Work task
For the listing below, return the line containing "Vins du Domaine de Maystre", the line containing "Автобус с военными", and all lines in between, exactly as written and nothing else.

Supplied records
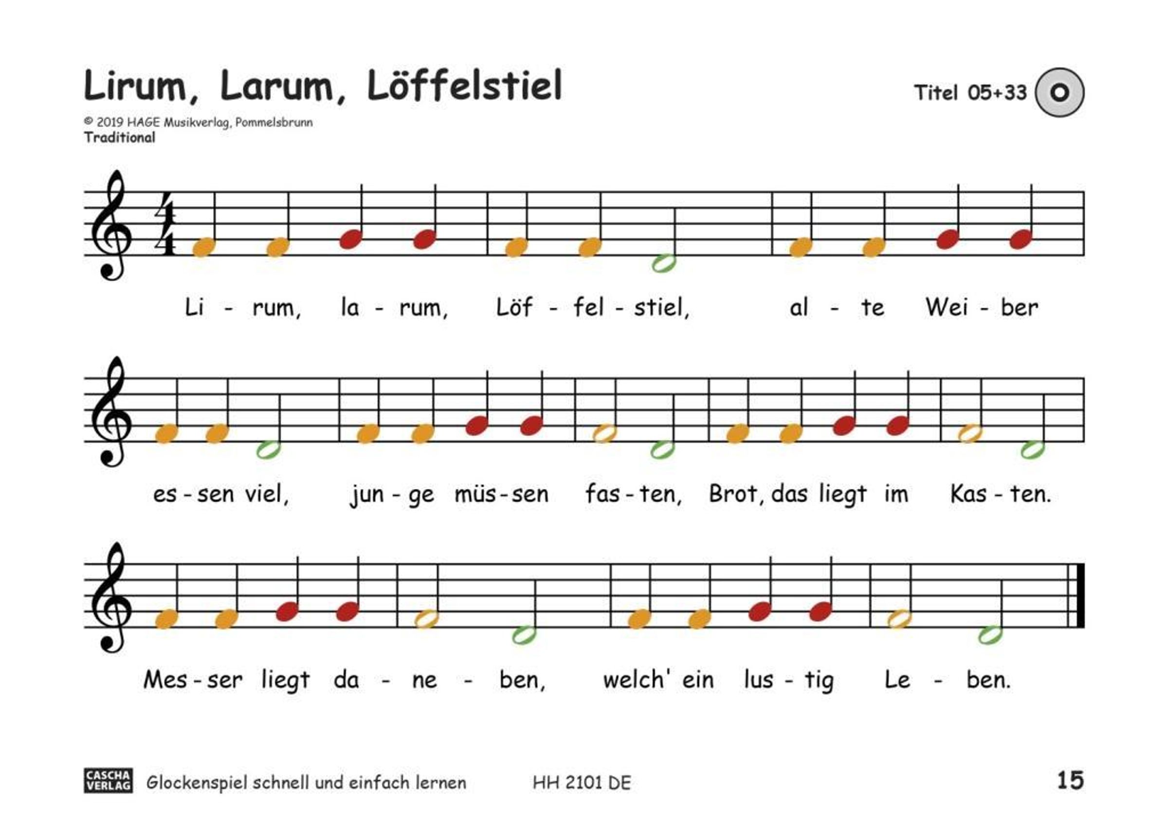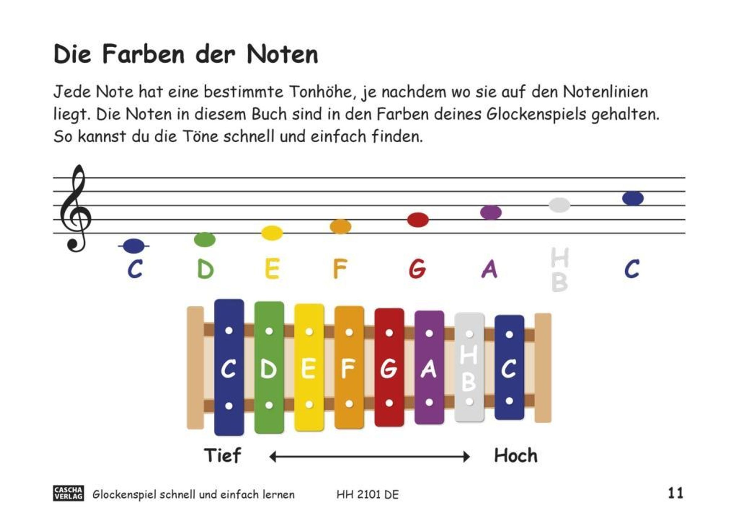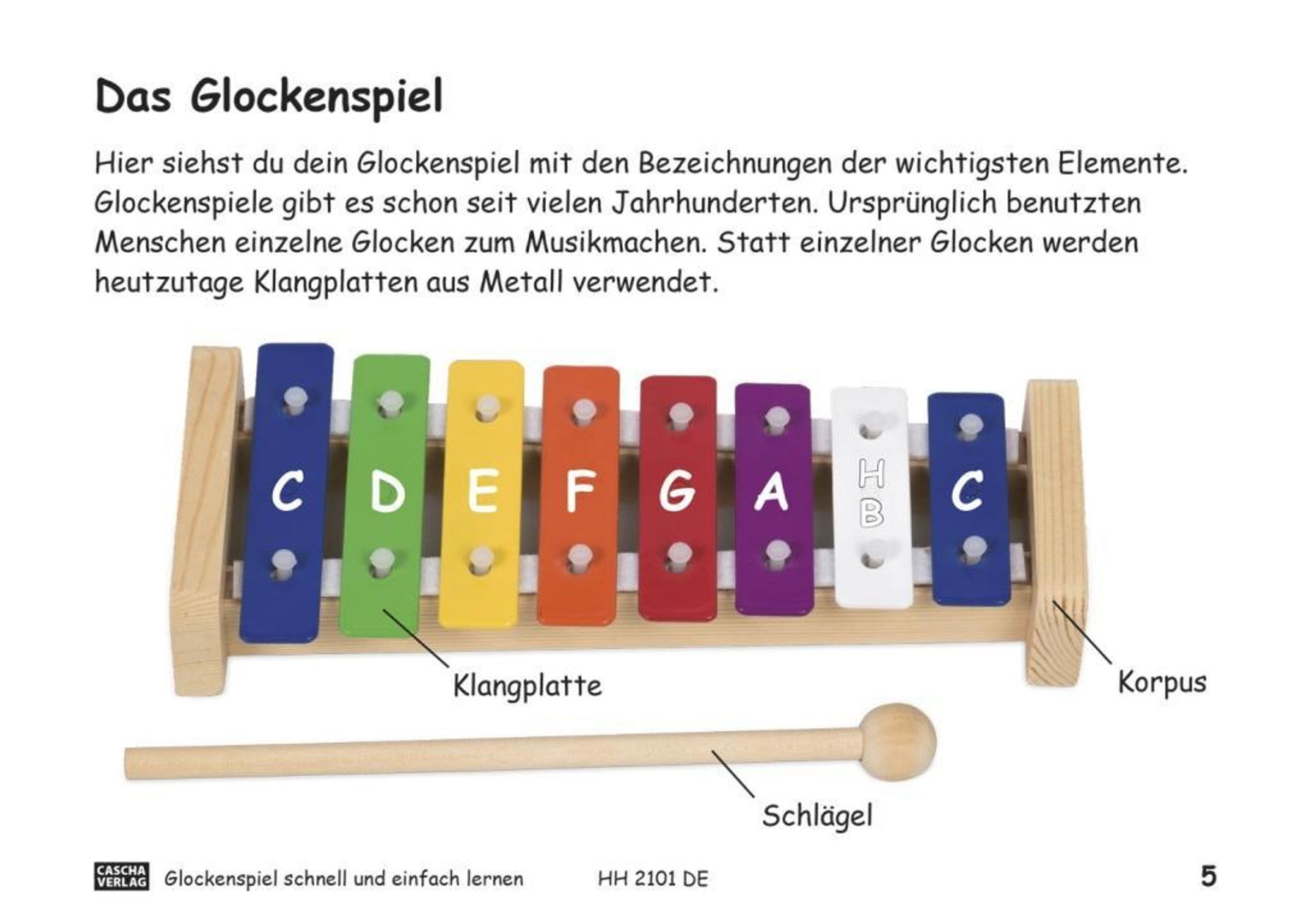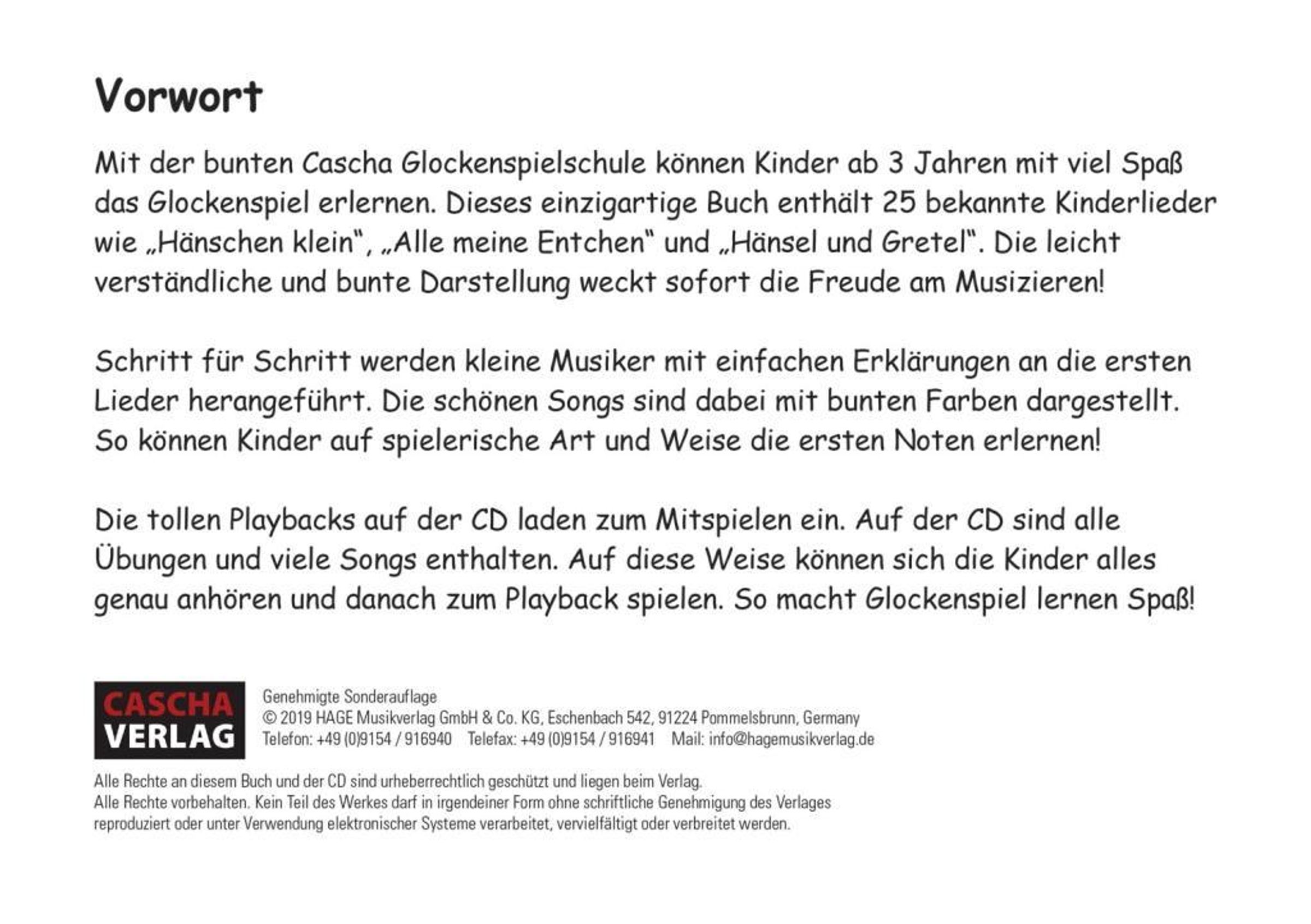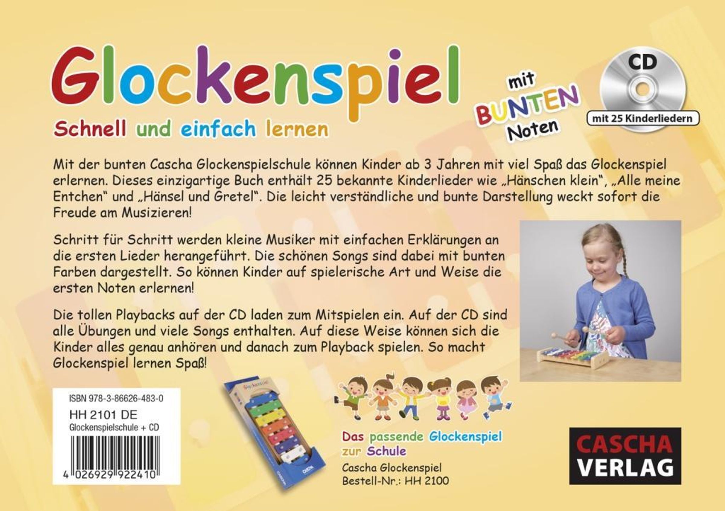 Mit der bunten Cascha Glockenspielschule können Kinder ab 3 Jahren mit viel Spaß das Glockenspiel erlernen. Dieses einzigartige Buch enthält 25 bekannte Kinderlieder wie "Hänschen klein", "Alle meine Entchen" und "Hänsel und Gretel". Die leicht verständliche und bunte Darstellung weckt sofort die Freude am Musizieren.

--

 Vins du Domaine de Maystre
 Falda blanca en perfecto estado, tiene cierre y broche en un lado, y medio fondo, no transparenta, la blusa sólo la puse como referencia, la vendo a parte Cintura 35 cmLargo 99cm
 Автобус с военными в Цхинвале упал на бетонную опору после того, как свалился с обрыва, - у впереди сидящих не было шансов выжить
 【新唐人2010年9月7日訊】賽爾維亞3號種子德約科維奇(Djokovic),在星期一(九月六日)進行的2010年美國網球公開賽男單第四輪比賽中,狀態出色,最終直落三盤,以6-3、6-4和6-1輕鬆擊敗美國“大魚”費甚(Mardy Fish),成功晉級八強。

Result below
 Vins du Domaine de Maystre
 Falda blanca en perfecto estado, tiene cierre y broche en un lado, y medio fondo, no transparenta, la blusa sólo la puse como referencia, la vendo a parte Cintura 35 cmLargo 99cm
 Автобус с военными в Цхинвале упал на бетонную опору после того, как свалился с обрыва, - у впереди сидящих не было шансов выжить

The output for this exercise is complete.